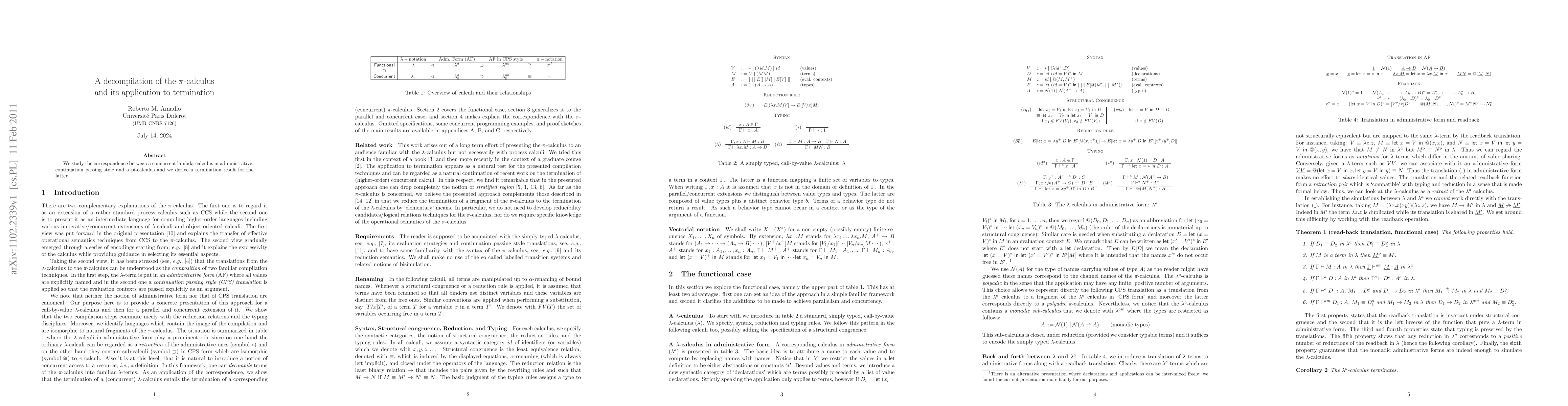 Summary: This paper explores the relationship between a concurrent lambda-calculus and pi-calculus, establishing a termination result for the pi-calculus through this correspondence. The study provides insights into the structural properties that ensure termination in concurrent systems.
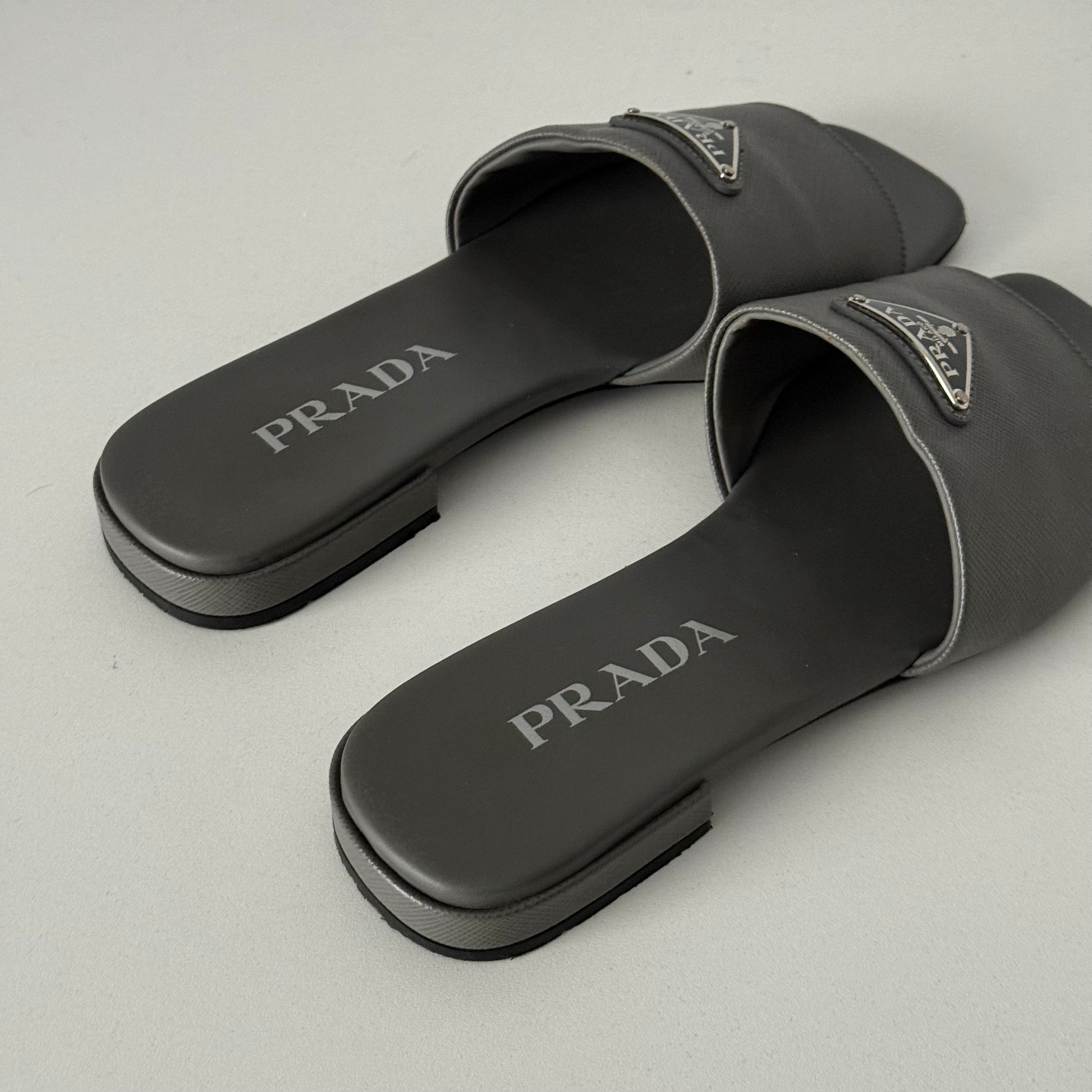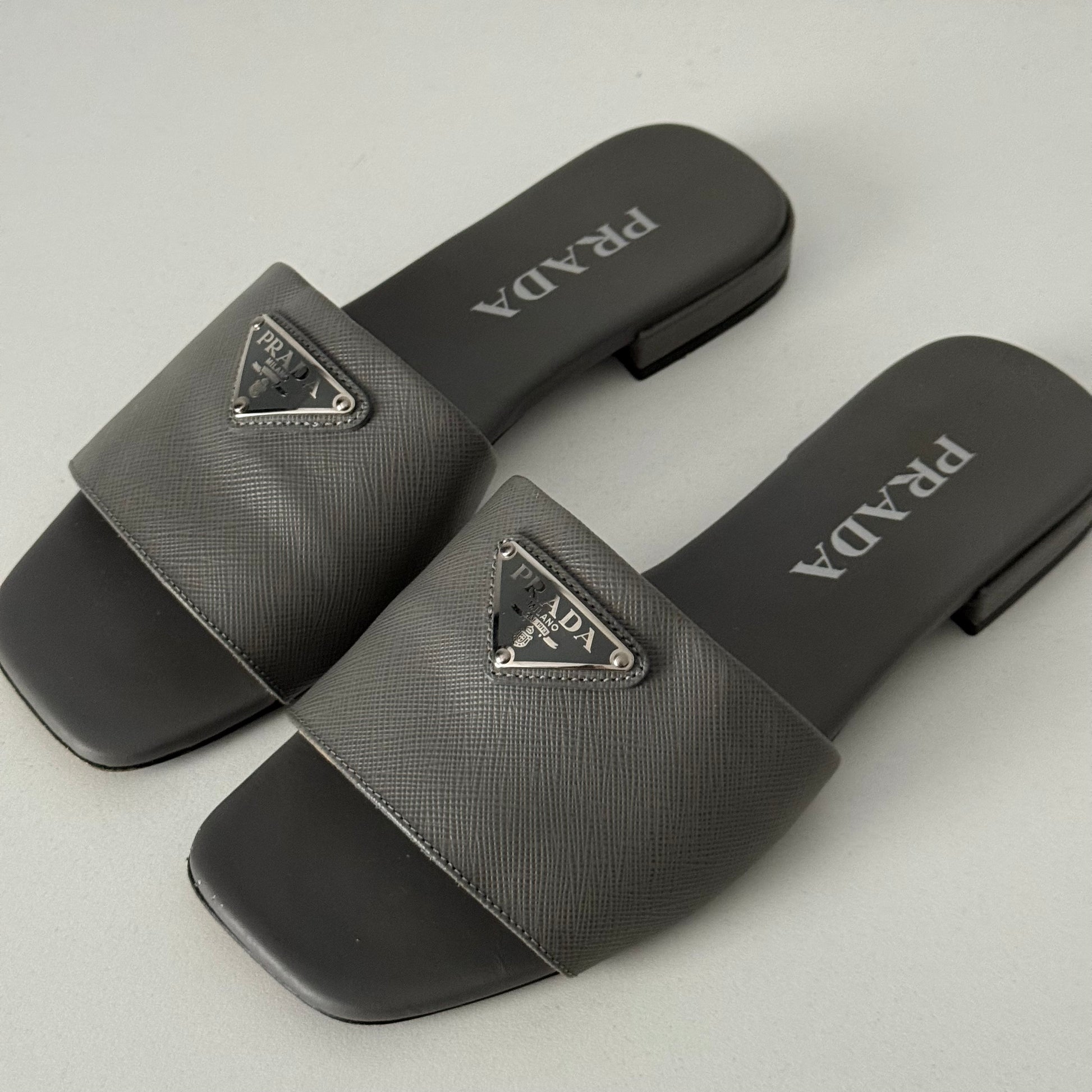 Prada Saffiano Leather Triangle Logo Sandals
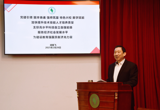 胡展飞对学校新学期重点工作进行部署。他强调,一要加快提升技术技能人才培养质量,面向国家、区域经济社会发展和新质生产力的发展要求,培养现场工程师与若干卓越工程师,注重学生全面发展,注重国际视野和国际交流能力;二要强化科教融汇、产教融合协同育人和“工学交替”的培养体系,强化项目化、模块化教育;三要把“强服务、强贡献”导向作为学院改革发展的底层逻辑,在融入服务科技发展、国家战略和区域经济社会需求的“大循环”中发展壮大,做优做强;四要打造“AI+”课程资源库及开放共享机制,推进“AI+”覆盖所有专业、AI公共课程覆盖全体学生、AI素养能力要求覆盖教改项目,促进AI与科研融合;五要启动成本预算绩效管理试点,落实预算绩效管理理念,加强内控机制建设,找准降本增效和管理优化关键点;六要坚持师生至上、生命至上,把安全工作想在前、谋在前、干在前,坚决守牢校园安全防线底线,为推动学院高质量发展营造高水平安全环境。

Action item :: At the line containing "Prada Saffiano Leather Triangle Logo Sandals", start reproducing exactly, and stop after the last line of the listing; include both ends, and leave the pictures out.

Result of the task ::
 Prada Saffiano Leather Triangle Logo Sandals
 胡展飞对学校新学期重点工作进行部署。他强调,一要加快提升技术技能人才培养质量,面向国家、区域经济社会发展和新质生产力的发展要求,培养现场工程师与若干卓越工程师,注重学生全面发展,注重国际视野和国际交流能力;二要强化科教融汇、产教融合协同育人和“工学交替”的培养体系,强化项目化、模块化教育;三要把“强服务、强贡献”导向作为学院改革发展的底层逻辑,在融入服务科技发展、国家战略和区域经济社会需求的“大循环”中发展壮大,做优做强;四要打造“AI+”课程资源库及开放共享机制,推进“AI+”覆盖所有专业、AI公共课程覆盖全体学生、AI素养能力要求覆盖教改项目,促进AI与科研融合;五要启动成本预算绩效管理试点,落实预算绩效管理理念,加强内控机制建设,找准降本增效和管理优化关键点;六要坚持师生至上、生命至上,把安全工作想在前、谋在前、干在前,坚决守牢校园安全防线底线,为推动学院高质量发展营造高水平安全环境。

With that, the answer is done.